Bajo corriendo las escaleras, feliz de poder ver a la abuela después de tanto tiempo. Ella me abraza y me revuelve el pelo. Me encanta el olor a crema de sus cachetes y sentir el polvo de arroz que se me pega a la boca después que la beso largo, como me gusta. Porque yo a la abuela sí la quiero mucho. Le pido el regalo que siempre me trae cuando viene a verme. Papá me regaña y me dice que la abuela no vino a traerme regalos, sino a cuidarme, porque él y la señora esa se van de fiesta. Él está vestido lindo: “Pareces un regalo de papá Noel con ese moño en el cuello”, le digo. Él me carga, me abraza y me da un beso largo como el que le di a la abuela. Pero la señora lo interrumpe. “¿Nos vamos?”. Hace sonar el tacón de sus zapatos de muchos colores contra el piso.

Entonces, por primera vez, me pongo feliz de verla.

“¿Qué tal me queda este abrrrigo de piel de zorrro que me encontré en el rrropero?”, pregunta como si nada. Haciéndose la boba. Como si nunca se lo hubiera puesto. Se está viendo en el espejo de mamá, como las otras veces. Y yo no me enojo. Las erres seguiditas no me suenan mal. “Te queda lindo, mamá”, le digo sonriendo, con la misma voz de cuando quiero que piensen que soy juiciosa.

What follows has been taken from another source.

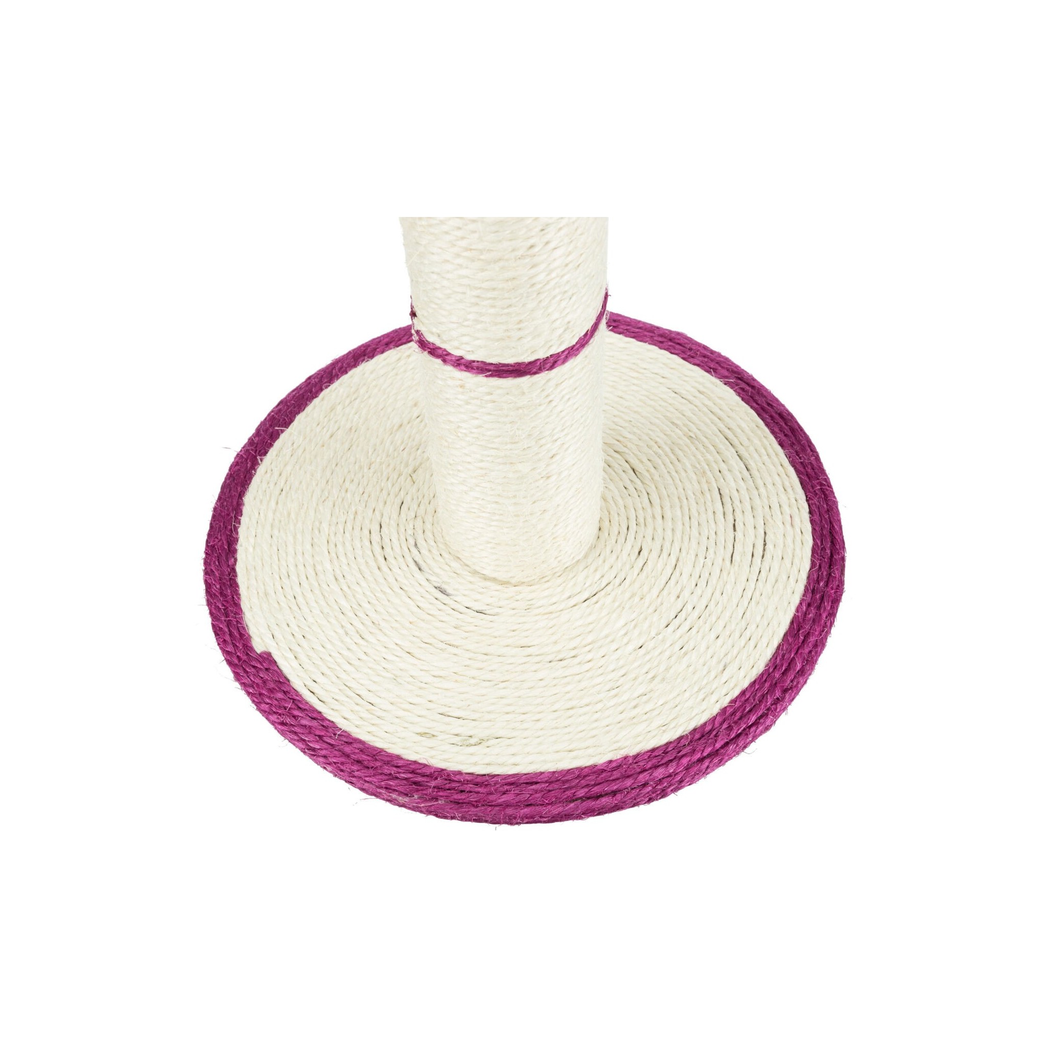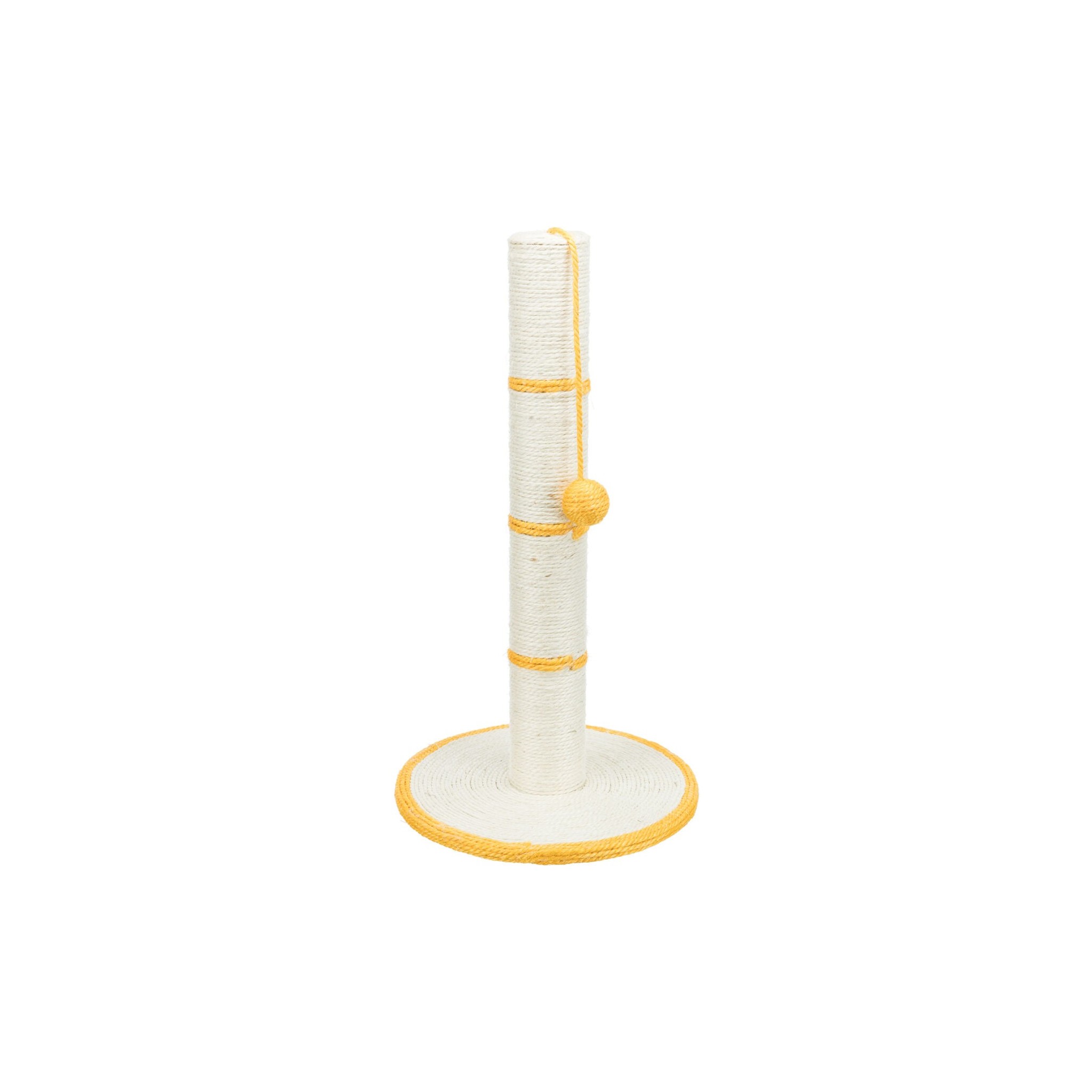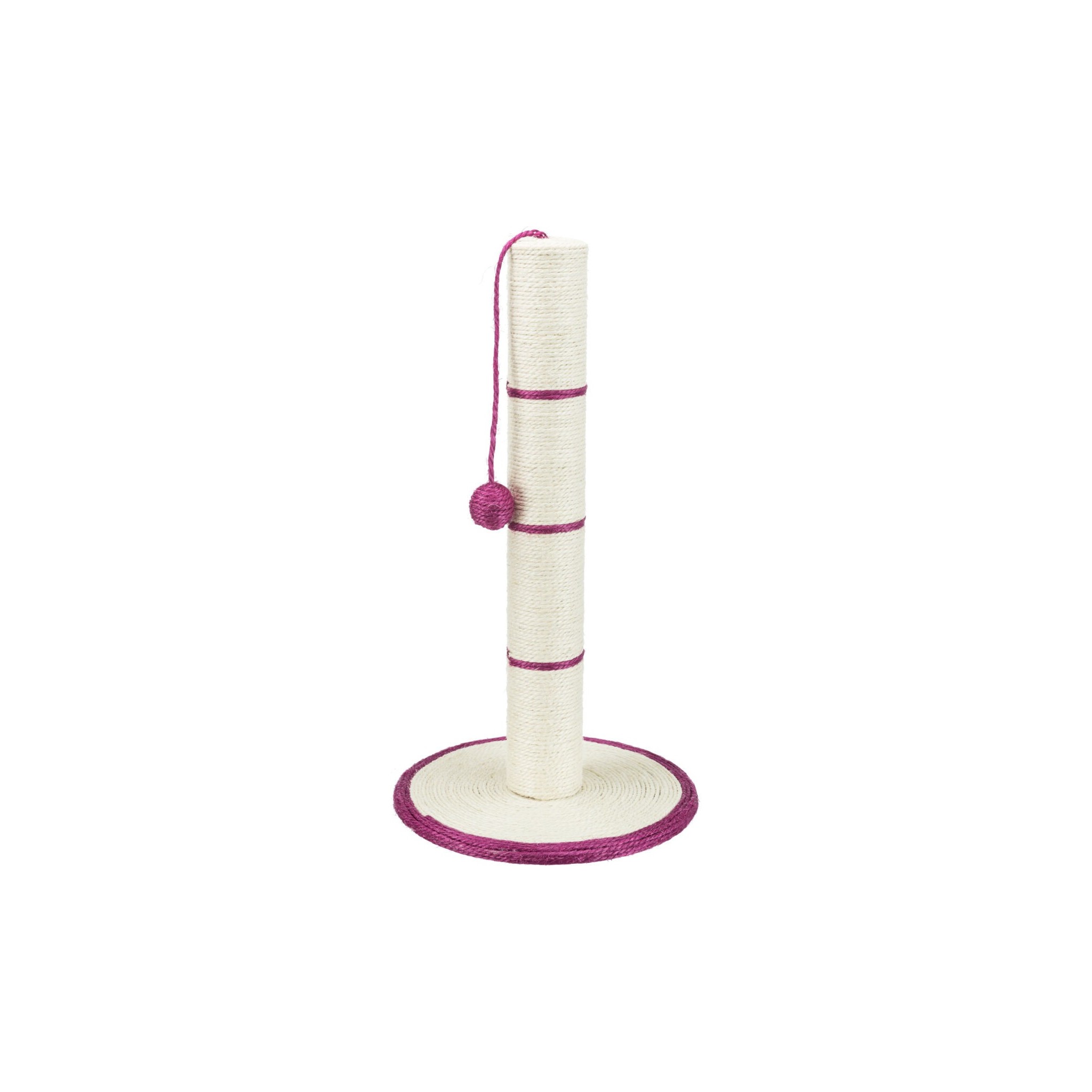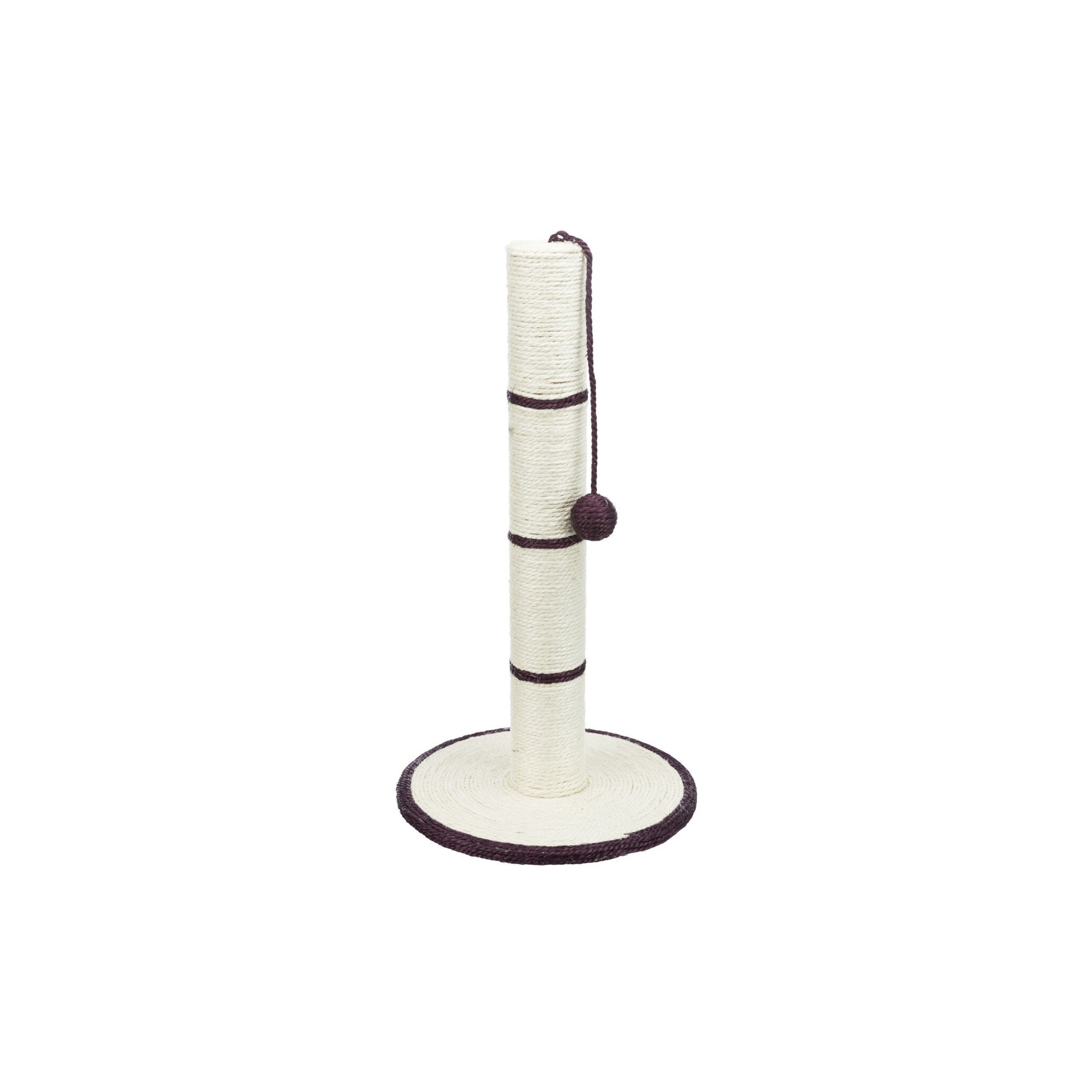 Sizalowy drapak dla kota – duża podstawa i wysoki drążek do którego przyczepiona jest piłeczka na sznurku. Wewnątrz piłki znajduje się grzechotka, która potęguje chęć zabawy u kota. Wymiar drapaka: podstawa: 35cm, 62cm wysokości.

Corro a abrazarla. Ella se extraña, y mi papá se pone contento y mira a la abuela. Están felices de ver que por fin somos amigas. Ella no me abraza. Pero no me importa.

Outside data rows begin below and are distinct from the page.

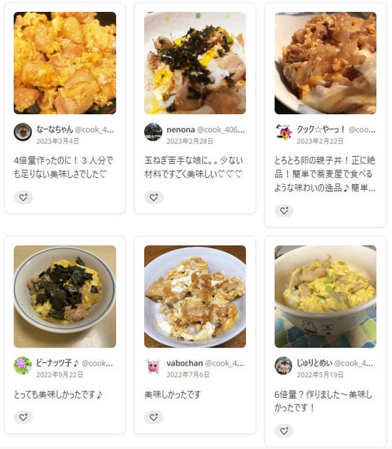 つくれぽ(つくりましたフォトレポートのこと)にも、「卵がトロトロで家族から好評でした」「材料が少ないからとにかく簡単で便利!」など、レシピの簡単さや味を絶賛する声がたくさん届いています。
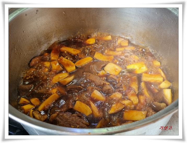 먼저 30분쯤 그냥 끓여 육질을 부드럽게 만들어줍니다.
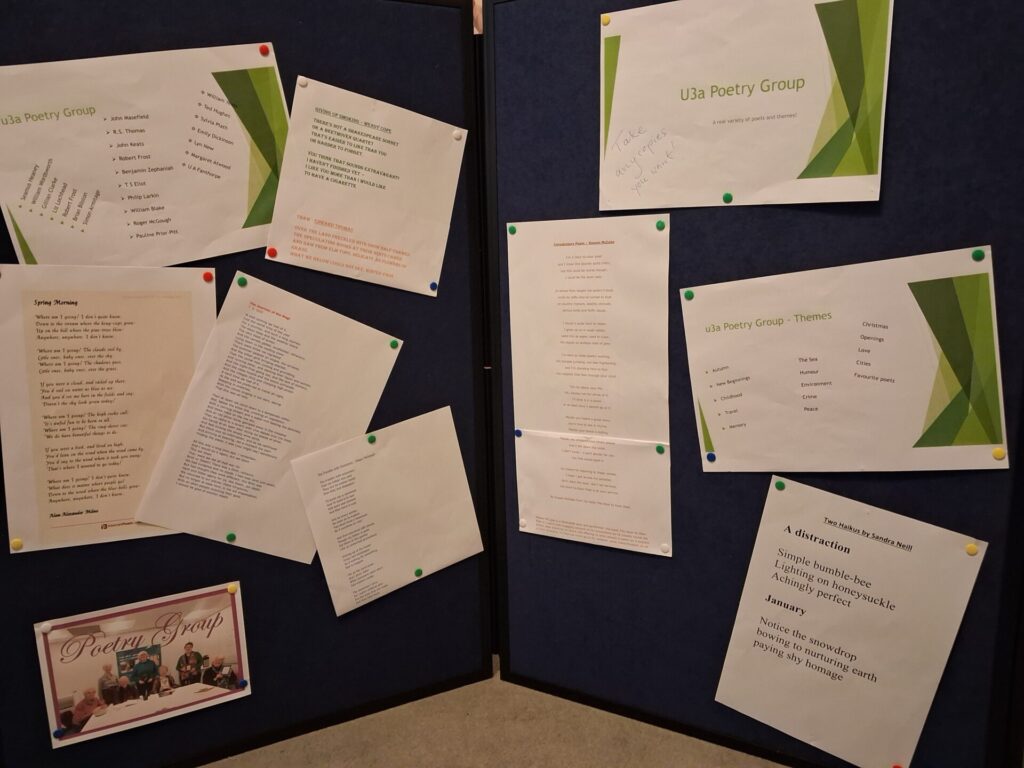 This photograph below is the display produced for the January meeting. It reflects the wide range of poets and styles considered at our meetings, enabling members to appreciate examples of the poems and themes discussed.
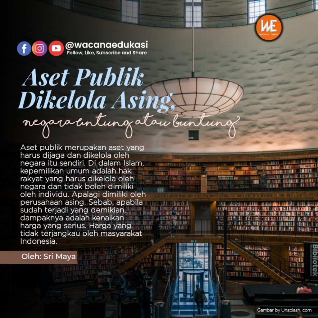 Aset publik merupakan aset yang harus dijaga dan dikelola oleh negara itu sendiri. Di dalam Islam, kepemilikan umum adalah hak rakyat yang harus dikelola oleh negara dan tidak boleh dimiliki oleh individu . Apalagi dimiliki oleh perusahaan asing. Sebab, apabila sudah terjadi yang demikian, dampaknya adalah kenaikan harga yang serius. Harga yang tidak terjangkau oleh masyarakat Indonesia.
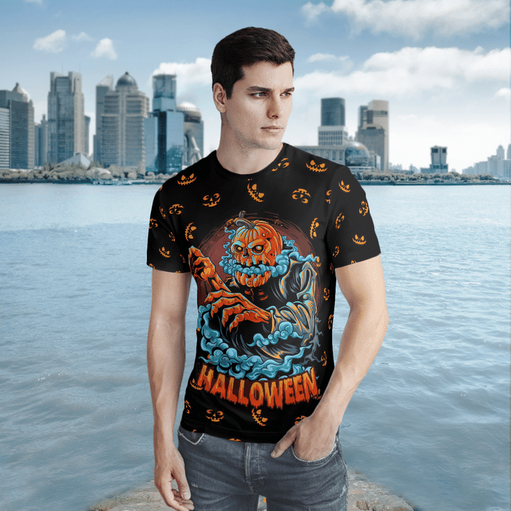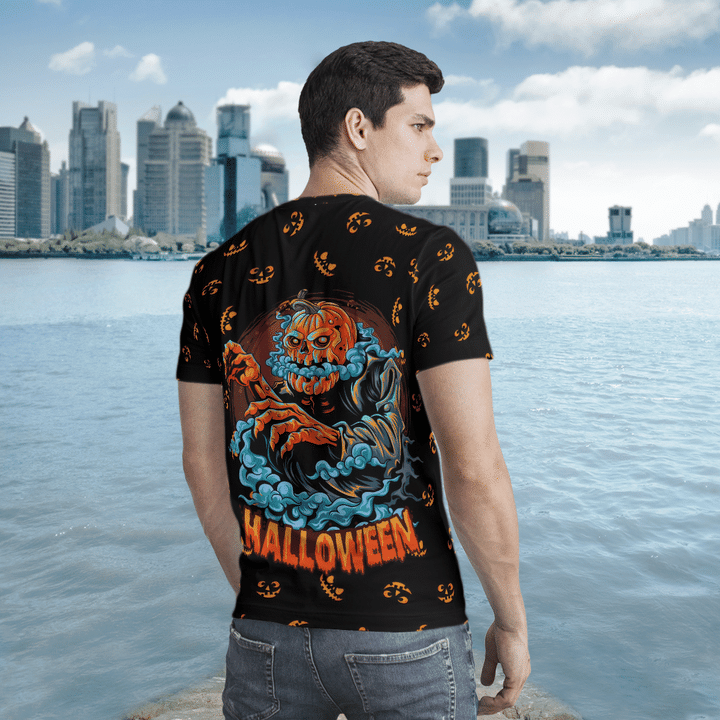 Smoke Pumpkin Demon Halloween Black 3D All-Over Print Unisex T-Shirt

Porque en verdad lo que quiero es abrazar fuerte a Zorro y que él me abrace. Se ve lindo colgado del cuello largo de ganso de la señora de papá.

Cogida de la mano de la abuela los vemos bajar las escaleras. Zorro me mira, pasa la lengua por su piel rojiza y luego por sus dientes puntudos. Cuando Abue y yo cerramos la puerta, ella me pregunta si tengo hambre. Yo le digo que más tarde, y la llevo al cuarto de mamá, y la siento en la silla de mamá. Luego traigo el cuento de Zorro. “¿Te gustan los zorros?”, me dice la abuela. Y segura de que Abue no se va enojar, le digo que sí.